# Fairplex 2013



## Budd1 (Apr 9, 2009)

Any word yet on if the Big train show will be at Fairplex this year and if so, who will be there and when
Thanks
Bud


----------



## vsmith (Jan 2, 2008)

Bud, I think you mean the SWGRS as we just had the BTS just over a week ago in Ontario. Its tentatively a go for Nov 16-17 at the Fairplex. I am planning to be there with the pizza layout.


----------



## Greg Elmassian (Jan 3, 2008)

OK, so the SWGRS site is still referring to the 2012 event and dates and the facebook page is not updated... time to shake the trees... 

Greg


----------



## gscaleisfun (Jan 14, 2008)

My webmaster isn't getting back to me to update the site. I'm trying to find someone who can. 
You just cant get good help these days.
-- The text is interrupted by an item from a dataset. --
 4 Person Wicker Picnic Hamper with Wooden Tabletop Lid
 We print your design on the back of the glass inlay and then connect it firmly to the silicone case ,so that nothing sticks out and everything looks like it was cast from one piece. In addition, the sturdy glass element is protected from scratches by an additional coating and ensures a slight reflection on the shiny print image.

Even when you do pay. 

David


----------



## Greg Elmassian (Jan 3, 2008)

David, if you still have the login to the site I might be able to help a bit, if nothing else to change the dates... (free of course)... email me privately if this is helpful. 

Regards, Greg


----------



## Budd1 (Apr 9, 2009)

Yes that's the one I am referring to. coming from Northern Calif;. I want to be sure its happening and that the Vendor's will be there. 
Thanks again guys.
Bud


----------